Model Fallback Plugin
Automatic model fallback on rate limit errors in @iqai/adk
Model Fallback Plugin
The Model Fallback Plugin provides automatic recovery from rate limit errors (HTTP 429) by retrying the current model and falling back to alternative models when retries are exhausted. This improves agent reliability in production environments where API quotas may be limited or shared.
Key capabilities
- Automatic retry: Retries the current model with configurable delay before falling back
- Ordered fallback chain: Falls back through a prioritized list of alternative models
- Universal rate limit detection: Detects rate limits across all providers (OpenAI, Anthropic, Google, etc.)
- Per-request isolation: Each request has independent retry/fallback state
- Configurable behavior: Customize retry count and delay timing
Quick Start
The simplest way to use model fallback is through AgentBuilder.withFallbackModels():
import { AgentBuilder } from "@iqai/adk";
const { runner } = await AgentBuilder.create("resilient_agent")
.withModel("gpt-4o")
.withFallbackModels("gpt-4o-mini", "gemini-2.0-flash")
.build();
// If gpt-4o hits rate limits:
// 1. Retries gpt-4o up to 3 times (1s delay each)
// 2. Falls back to gpt-4o-mini (with same retry logic)

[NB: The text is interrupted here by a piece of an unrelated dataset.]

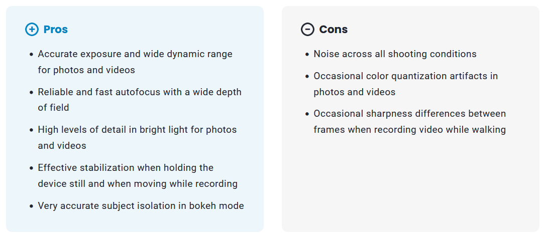 Cons and Pros of iPhone 15 PRO MAX’s Selfie Camera. Source: DXOMARK

// 3. Falls back to gemini-2.0-flash as last resort
const response = await runner.ask("Hello!");Advanced Usage
For custom retry counts or delays, instantiate ModelFallbackPlugin directly:
import { AgentBuilder, ModelFallbackPlugin } from "@iqai/adk";
const fallbackPlugin = new ModelFallbackPlugin(
["gpt-4o-mini", "gemini-2.0-flash"], // fallback models
5, // maxRetries (default: 3)
2000, // retryDelayMs (default: 1000)
);
const { runner } = await AgentBuilder.create("custom_fallback_agent")
.withModel("gpt-4o")
.withPlugins(fallbackPlugin)
.build();Using with LlmAgent
import { LlmAgent, ModelFallbackPlugin } from "@iqai/adk";
const agent = new LlmAgent({
name: "resilient_agent",
model: "gpt-4o",
plugins: [new ModelFallbackPlugin(["gpt-4o-mini", "gemini-2.0-flash"])],
});How It Works
When a model call fails with a rate limit error:
Request → Primary Model → 429 Error
↓
Retry same model (up to maxRetries)
with retryDelayMs delay between attempts
↓
Still failing? → Try fallback[0]
↓
Still failing? → Try fallback[1]
↓
All exhausted → Error propagatesEach fallback model also gets the full retry cycle before moving to the next.
Configuration Options
| Option | Type | Default | Description |
|---|---|---|---|
fallbackModels | string[] | Required | Ordered list of fallback model names |
maxRetries | number | 3 | Retry attempts per model before falling back |
retryDelayMs | number | 1000 | Delay in milliseconds between retry attempts |
Rate Limit Detection
The plugin uses RateLimitError.isRateLimitError() to detect rate limits across all providers:
Detected via status code:
- HTTP 429 status
Detected via error type:
rate_limit_errorRateLimitError
Detected via message patterns:
- "rate limit"
- "too many requests"
- "resource exhausted"
- "quota exceeded"
Using RateLimitError directly
You can also use RateLimitError for custom error handling:
import { RateLimitError } from "@iqai/adk";
try {
await agent.run(message);
} catch (error) {
if (RateLimitError.isRateLimitError(error)) {
// Handle rate limit specifically
console.log("Rate limited, please wait...");
}
}Behavior Notes
- Per-request state: Fallback state is isolated per invocation. After a request completes (success or failure), the next request starts fresh with the primary model.
- No sticky fallback: The plugin does not "remember" that a model was rate limited. Each new request tries the primary model first.
- Non-rate-limit errors: Other errors (network, auth, invalid request) are not handled by this plugin and propagate normally.